David LaChapelle’s Industrial Hallucinations

After retiring from fashion and most commercial photography in 2006, David LaChapelle moved to Hawaii, planning to spend his days farming and relaxing in the tropics. The decision was inspired by his growing interest in the environment and climate change–concerns that fashion magazines, from his angle, could not seriously address. The transition, however, did not stop the 50-year-old photographer from dreaming in pictures (“Images drop in my head,” he explains). Now that the barely-dressed models are gone, his subjects involve even less clothing.

In “LAND SCAPE” at Paul Kasmin, LaChapelle conjures hallucinogenic renderings of industry. Factory refineries become psychedelic, candy-colored theme parks, and gas stations hidden in the jungle are akin to Indiana Jones’ temples. The scenes are devoid of humans, yet a closer look reveals traces of them: cardboard, plastic hair-curlers, cups, straws, and more make up the edifices. “I like to see the craft involved,” mentions LaChapelle. “You see all the defects, the tape, the fingerprints…they give it a human feeling.”

Bathed in the acid green, pink, and blue lights—LaChapelle’s trademark neons—the landscapes look a bit like post-apocalyptic imaginings of a world consumed by itself. “When I was young, we didn’t think about the end of human existence,” La Chapelle says.” We didn’t think about the end of existence at our own hand, with just living.” In the last few years, people’s impact on nature became an issue that the photographer, who started out showing in galleries, could not ignore. “I can’t see, 20 years from now, us going along with the way things are today,” he explains is a motivation. “It’ll take a mass enlightenment, I think, for people to put aside greed and the need for human recognition, and [to] figure a way out of this situation.”
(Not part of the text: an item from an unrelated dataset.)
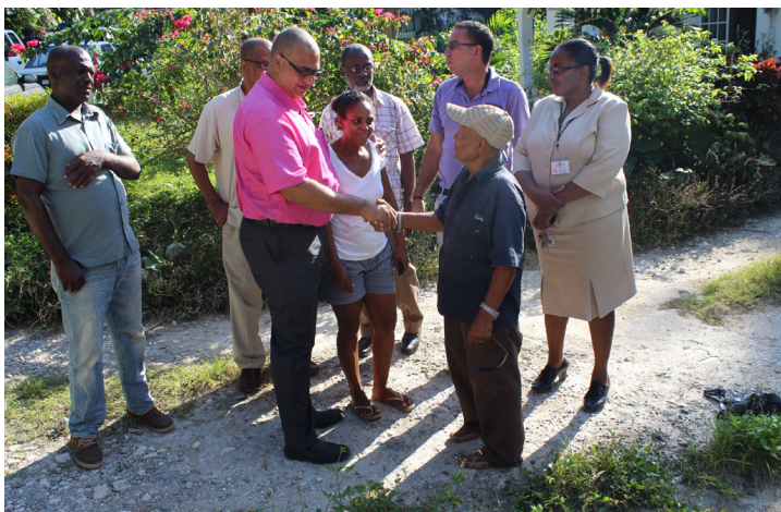
Minister Azan greets a resident of Western Portland.

He’s aware that his new purpose may come as a surprise to some—those that saw his recent Kardashian family Christmas card, for example. “There are a a lot of people who will think of me as a fashion photographer….that’s fine,” he shares. “I’m not trying to prove anything. I’m just doing what I love.”
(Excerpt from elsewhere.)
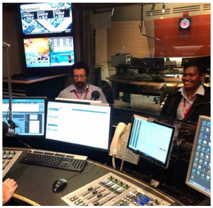
Radio interview, AFAC19 - Melbourne Aug 2019

Meanwhile, distance from the fashion industry seems to have granted him a fresh perspective on consumer culture. “We’re living at a very decadent time,” he says. He mentions genetically modified watermelons he saw for sale in Hawaii that were imported from Argentina. “King Louis would offer his guests pineapples, as a huge dramatic decadent gesture, because they were shipped in. Today, all our food is shipped in…it’s insanity”

Yet Chapelle, staying true to the orgiastic whimsy that defined his fashion work, did not want to convey the solemnness generally associated with climate talk. “Color and humor are so important, because it can get so heavy,” Chapelle describes. “You just want to turn your head…[but] that will lead to inaction and complacency. We have to engage, we have to be conscious, and not give into apathy.”
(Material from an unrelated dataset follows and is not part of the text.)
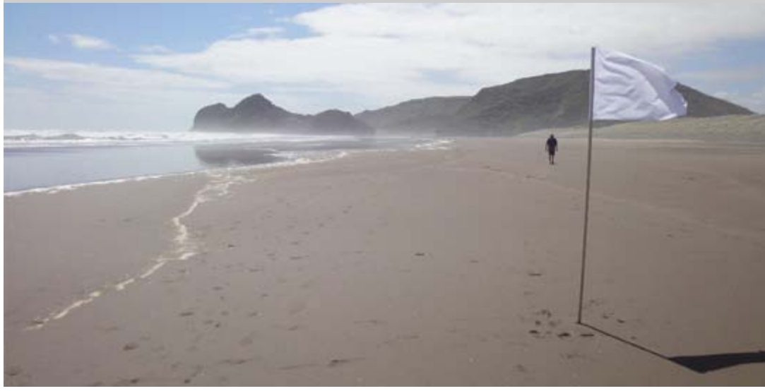
White Night (test image) by Simon Glaister

The prestigious Auckland Arts Festival 2011 will serve as a showcase for the creative talents of The University of Auckland's National Institute of Creative Arts and Industries (NICAI). Members

There’s a simple solution, he believes. “Be human, and have a sense of humor, and enjoy our lives—even though we’re at this critical time in the worlds’ history,” he says. “We do what we can, but we can’t let it destroy us.” The night of the show’s opening, at the after-party, he proclaimed his beliefs to a wild, densely packed crowd: “Fuck art, let’s dance! Tomorrow we’ll be serious again.”

“LAND SCAPES” WILL BE ON VIEW THROUGH MARCH 1 AT PAUL KASMIN GALLERY AT 293 TENTH AVENUE.